Die CDU-Vorsitzende Angela Merkel erwartet von einer Großen Koalition aus Union und SPD ein geschlossenes Auftreten. «Kabinettsdisziplin gilt für jeden», sagte die designierte Bundeskanzlerin dem Nachrichtenmagazin «Spiegel». Damit spielte sie auf die Debatten über ihre Richtlinienkompetenz an.

Bei den am Montag beginnenden Verhandlungen müssten CDU, CSU und Sozialdemokraten flexibel sein, sagte sie. «Ich erwarte Offenheit auch gegenüber Lösungen, die noch in keinem Parteiprogramm stehen.» Ein detailliertes Vierjahresprogramm wolle sie mit der SPD absichtlich nicht vereinbaren: «Ich möchte nicht, dass wir in den vier Wochen der Koalitionsverhandlungen so tun, als könnten wir alles wissen und vorausplanen.»

Als wichtigste Ziele ihrer Kanzlerschaft nannte Merkel den Abbau der Arbeitslosigkeit und die Sanierung des Haushalts.

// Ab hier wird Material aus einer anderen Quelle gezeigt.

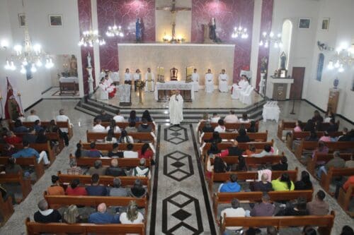 No último domingo, 15 de junho, a Paróquia Santa Rita de Cássia, em Itapira, acolheu com alegria a Santa Missa com o Sacramento da Crisma, presidida por Dom Luiz Gonzaga Fechio e concelebrada pelo pároco local, Padre Francis Tadeu de Oliveira Mistrelli.
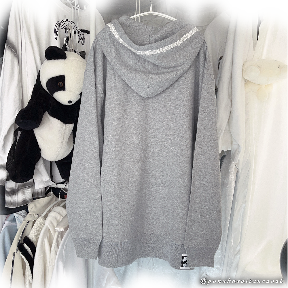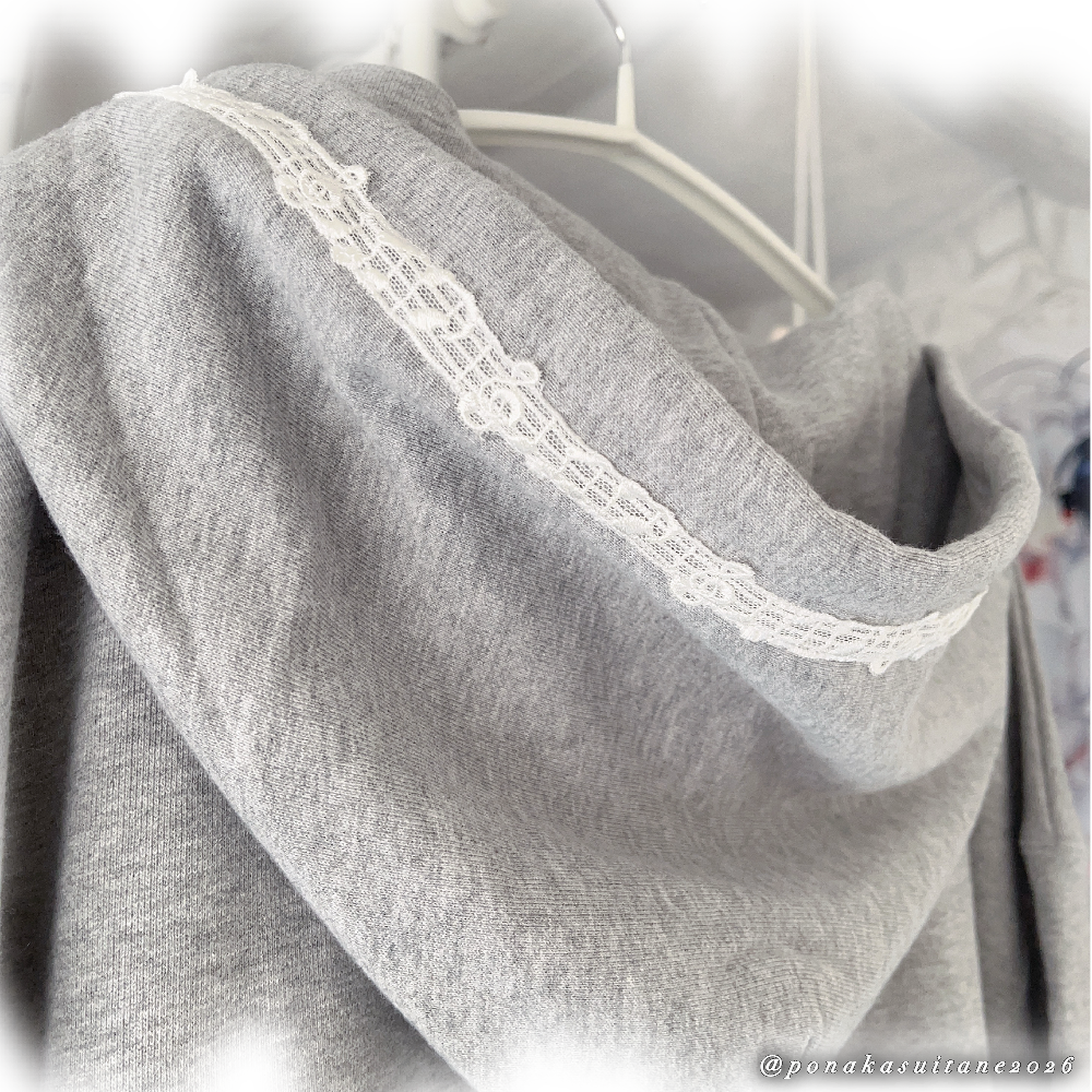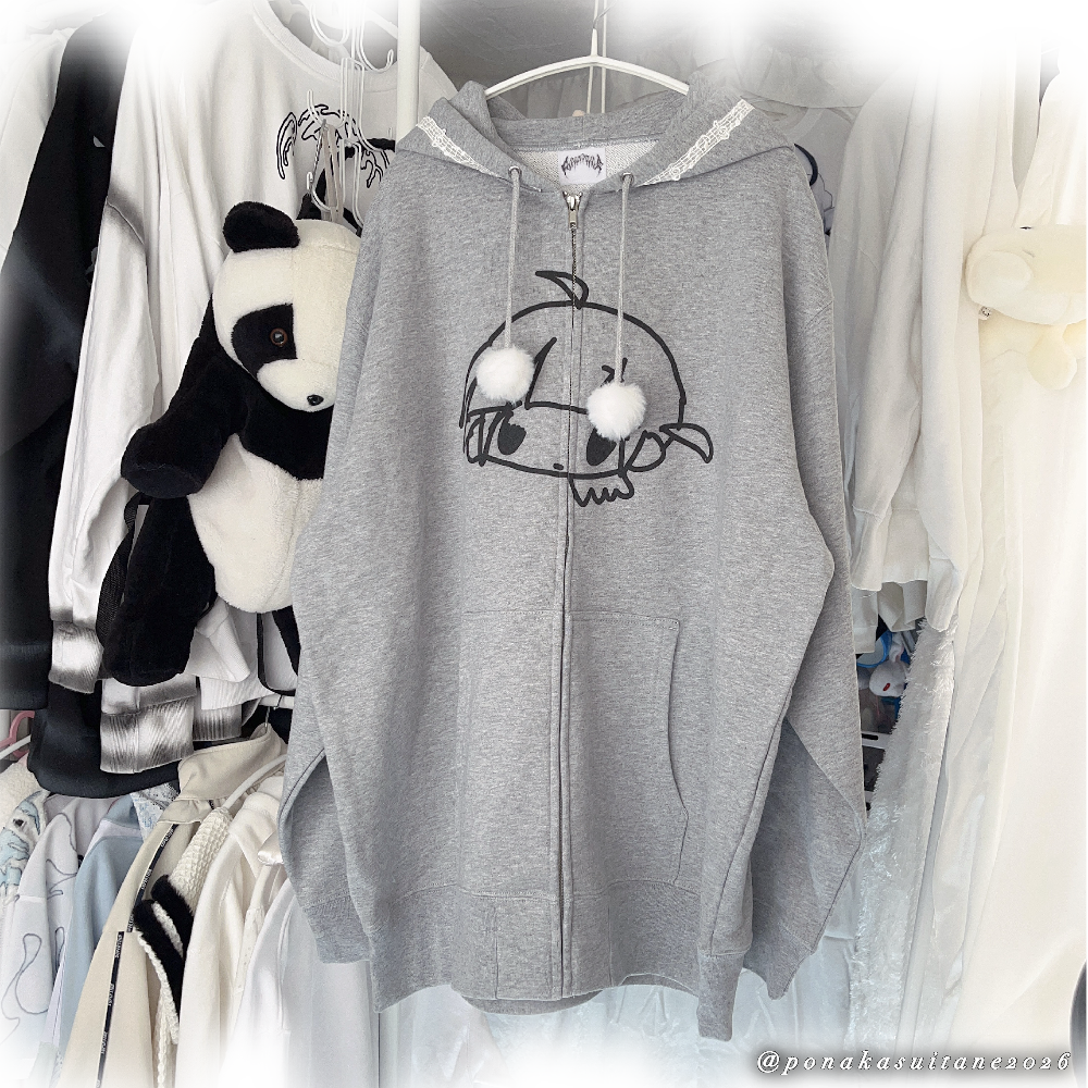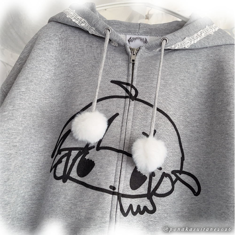胸元に“ちぃもどき“ がプリントされた、ポンポン紐付きのふーでぃー。真夏以外、着れそうな。

Die Entwicklung auf dem Arbeitsmarkt werde «über Wohl und Wehe dieses Landes entscheiden.» Beim Abbau der Staatsschulden sei Deutschland zum Erfolg verpflichtet, so Merkel weiter: «Die Erfinder des Stabilitätspakts werden selbst an ihm gemessen. Das wird hart.»

Die CDU-Vorsitzende fordert für die Union zudem das Recht auf eine eigenständige Prägung der Außenpolitik ein. «Wir haben Schlüsselressorts für inen- und außenpolitisches Handeln», so Merkel.

Stoiber fordert präzisen Koalitionsvertrag
Ähnlich äußerte sich der künftige Wirtschaftsminister Edmund Stoiber. «Bild am Sonntag» sagte er, die kommende Regierung müsse das Wachstum steigern, um mehr Arbeitsplätze zu schaffen.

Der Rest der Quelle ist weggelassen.